代码生成和执行模块，用于根据优化后的处理图生成代码并执行，以输出用户查询结果。The code generation and execution module is used to generate and execute code according to the optimized processing graph to output user query results.

与现有技术相比，本发明的有益效果是：与现有数据湖查询方法相比，无需中介模式，简化了查询过程，不需要数据转换和加载，简化了操作，从整体上提高了查询效率。Compared with the prior art, the beneficial effects of the present invention are: compared with the existing data lake query method, no intermediary mode is required, the query process is simplified, data conversion and loading are not required, the operation is simplified, and the query efficiency is improved overall.

在查询细节上，设计了针对LLM生成代码的查询优化器，极大提高了LLM生成代码的执行效率和对应方法的可解释性，其中对处理图进行修正以辅助LLM能极大提高查询准确性，使整个自然语言查询任务的准确性超过传统方法。In terms of query details, a query optimizer was designed for LLM generated code, which greatly improved the execution efficiency of LLM generated code and the interpretability of the corresponding method. Among them, modifying the processing graph to assist LLM can greatly improve query accuracy, making the accuracy of the entire natural language query task exceed that of traditional methods.

附图说明BRIEF DESCRIPTION OF THE DRAWINGS

为了更清楚地说明本发明实施例中的技术方案，下面将对实施例描述中所需要使用的附图作简单地介绍，显而易见地，下面描述中的附图仅仅是本发明的一些实施例，对于本领域普通技术人员来讲，在不付出创造性劳动性的前提下，还可以根据这些附图获得其他的附图。In order to more clearly illustrate the technical solutions in the embodiments of the present invention, the drawings required for use in the description of the embodiments will be briefly introduced below. Obviously, the drawings described below are only some embodiments of the present invention. For ordinary technicians in this field, other drawings can be obtained based on these drawings without creative work.

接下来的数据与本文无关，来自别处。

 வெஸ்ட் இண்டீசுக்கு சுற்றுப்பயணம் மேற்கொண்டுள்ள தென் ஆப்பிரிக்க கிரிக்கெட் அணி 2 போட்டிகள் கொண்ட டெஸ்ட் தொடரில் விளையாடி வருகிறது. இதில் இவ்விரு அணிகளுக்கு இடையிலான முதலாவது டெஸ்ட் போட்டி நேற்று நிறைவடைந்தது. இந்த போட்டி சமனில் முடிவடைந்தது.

图1是本发明实施例提供的一种基于数据湖的查询方法流程示意图；FIG1 is a schematic diagram of a query method based on a data lake according to an embodiment of the present invention;

图2是本发明实施例提供的查询优化示例图；FIG2 is a diagram showing an example of query optimization provided by an embodiment of the present invention;

图3是本发明的功能模块图。FIG. 3 is a functional module diagram of the present invention.

具体实施方式Detailed ways

下面结合附图，对本发明进行详细说明。在不冲突的情况下，下述的实施例及实施方式中的特征可以相互组合。The present invention is described in detail below in conjunction with the accompanying drawings. In the absence of conflict, the features of the following embodiments and implementations can be combined with each other.

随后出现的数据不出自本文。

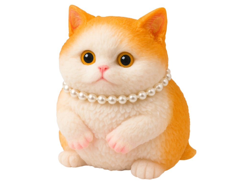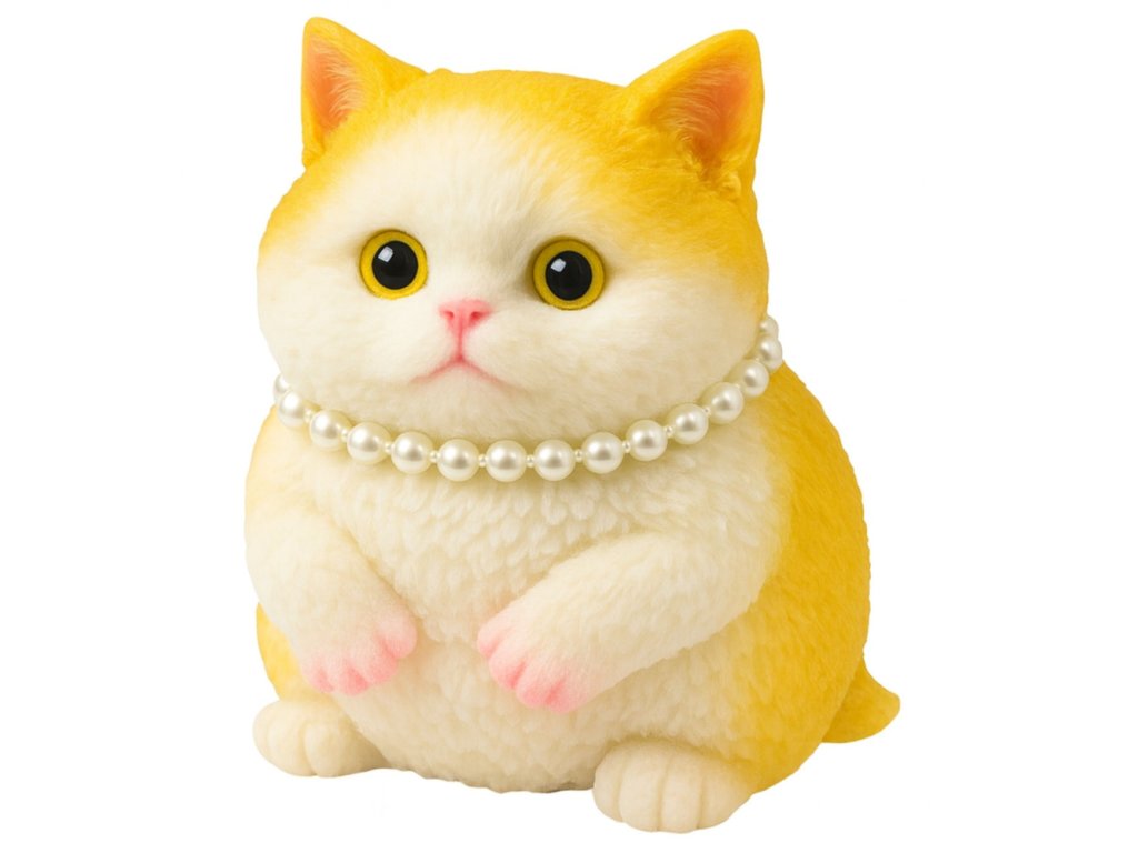 Vyrobeno z vysoce kvalitního elastického silikonového materiálu, tento kotek je nejen měkký a pružný, ale především ideální pro mačkání. Povrch napodobuje srsť skutečné kočky, což přináší autentický dotykový zážitek. Díky elegantnímu perlovému náhrdelníku je tento kotek nádhernou a funkční ozdobou na každém stole nebo polici.

本发明的一种基于数据湖的查询方法，如图1所示，包括：A query method based on a data lake of the present invention, as shown in FIG1 , includes:

例如，当用户对目标数据集提出查询任务：查询学校教师总人数，之后会对整个数据库的相关表（基于关键词的相似性比较进行简单过滤）进行扫描，获取每列的列名，类型，主外键关系，统称为模式信息M，并进行数据扫描采样，根据统计获取具有代表性的统计信息（如评分等级区间1-5），主要高频值等，统称为数据样本信息S。For example, when a user asks for a query on the target data set: to query the total number of teachers in a school, the relevant tables of the entire database will be scanned (based on simple filtering based on keyword similarity comparison) to obtain the column name, type, and primary and foreign key relationships of each column, collectively referred to as pattern information M, and data scanning and sampling will be performed to obtain representative statistical information (such as the rating level range 1-5), main high-frequency values, etc., collectively referred to as data sample information S.

具体的，使用大型语言模型（LLMs）将查询Q分解成若干个子任务J_i，以构建处理图G。其中大模型还经过如下预训练：将操作符数据库的操作符列表（包含详细用法）和查询处理实例训练LLM，训练后的LLM用于将输入的查询Q转换为多个子任务组成的处理图G。Specifically, a large language model (LLM) is used to decompose the query Q into several subtasks _Ji to construct a processing graph G. The large model is also pre-trained as follows: the operator list of the operator database (including detailed usage) and query processing examples are used to train the LLM, and the trained LLM is used to convert the input query Q into a processing graph G composed of multiple subtasks.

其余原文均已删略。